Falls noch andere Freunde des Bergradsports am Sonntag selbiges zu tun gedenken, würde einer Vereinigung unserer Interessen nichts im Wege stehen.
Zeitlich gibt es bei mir keine Beschränkungen, einen vormittäglichen Starttermin würde ich präferieren. 

Mit freundlichen Grüßen, schnellejugend.


----------



## banker-steve (11. April 2009)

Hallo Jungs,

wer von Euch hat Zeit und Lust morgen früh so gegen 09:30 Uhr eine kleine Tour (ca. 2,5h) zu fahren?

Treffpunkt um 09:30 an der Schule Runkel!

Gruß

Stefan


----------



## thto (11. April 2009)

hey ,
da kommt doch bergab keiner mehr mit


----------



## banker-steve (13. April 2009)

Hallo Jungs,

wie sieht es aus bei Euch am Mittwoch aus?
Lust auf eine kleine Feierabend-Runde?

Kleine Tour nach Limburg (Tal Josaphat) und zurück!
Treffpunkt 18:45 Uhr (kann leider nicht früher) an der Schule Runkel!
Also wer ist dabei?

Gruß

Stefan


----------



## banker-steve (4. August 2009)

Hallo Jungs,

wir wollen uns morgen um 18:30 Uhr in Schadeck (Kreuzung Weilburger Straße) zu einer kleinen Feierabendrunde treffen. Wir freuen uns über jeden der mitkommt.

Gruß

Stefan


----------



## T-Brex (8. August 2009)

@schnelleJugend Gerald und alle die Interesse haben...

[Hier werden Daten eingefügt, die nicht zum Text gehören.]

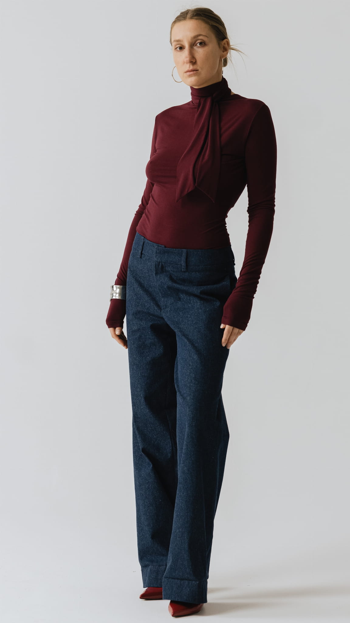 Dzianinowa bluzka z długim rękawem, dekoltem V i szarfa pod szyją. Przylegająca do ciała, elegancko eksponuję dekolt w literę V, w miejscu biustu posiada dodatkową warstwę dzianiny dla zachowania maksymalnego komfortu.

*Nächsten Samstag, den 15.08.09:*


*Stadtwaldtour *
*Abfahrt um ayn in Sayn *
*oder *
*um zway vor der Sporthalle Oberwerth, *
*für die Autoanrayser.....*

Dann ca. 40 km und 1000 hm im Stadtwald KO. 

*Führung durch die Biketramps Thomas und Jörg.*







Bitte recht zahlraych !!!..... 


*...die Zeit ist reif für ein gemeinsames Toürchen...*


----------



## MTB-News.de




----------



## thto (16. August 2009)

nach einer woche in good old runkel und einer grandiosen tour mit dem rennrad zum feldberg anbei noch ein paar mtb pics damit der thread mal wieder lebt 

der verfluchte abgebrochene baum mußte endlich weg vom trail, habe ihn sinnvoll wiederverwertet......




whereley rockt !!!!




fand das bild nice !




ich glaube stefan liebt sein remedy 







selbstauslöser halt










bis auf bald 
TT


----------



## Ra_gnar (27. August 2009)

schicke Bilder. Gibts nen Termin demnächst bei dem man sich überlegen kann mal mitzufahren?


----------



## schnellejugend (27. August 2009)

Sach wann de kannst. Ich bin dabei.


----------



## Ra_gnar (27. August 2009)

also ich hab am Wochenende Zeit. Allerdings muss ich dazu sagen, dass es mir an Kondition nicht so sehr mangelt, sondern eher fahrtechnischen Fähigkeiten. Bin nämlich erst seit letzten Oktober Besitzer eines MTB und eigentlich eher RR-Fahrer


----------



## schnellejugend (27. August 2009)

Wenn ich mir gestern mein Hinterrad nicht zerstört hätte würde ich heute auch RR fahren.


----------



## banker-steve (27. August 2009)

Die Runkeler Garde wollte am Samstag auch mal wieder fahren!
Da ich mein Remedy erst am Samstag vormittag aus der Werkstatt hole, würde nachmittag gut passen.


----------



## schnellejugend (27. August 2009)




----------



## schnellejugend (28. August 2009)

Samstag um 2? 3? 4? In Runkel? Dikkerisch? Limburg?


----------



## banker-steve (28. August 2009)

Kann ab 16:00 Uhr!
Wie sieht es bei Euch aus?
Wo treffen wir uns und welche Strecke fahren wir? 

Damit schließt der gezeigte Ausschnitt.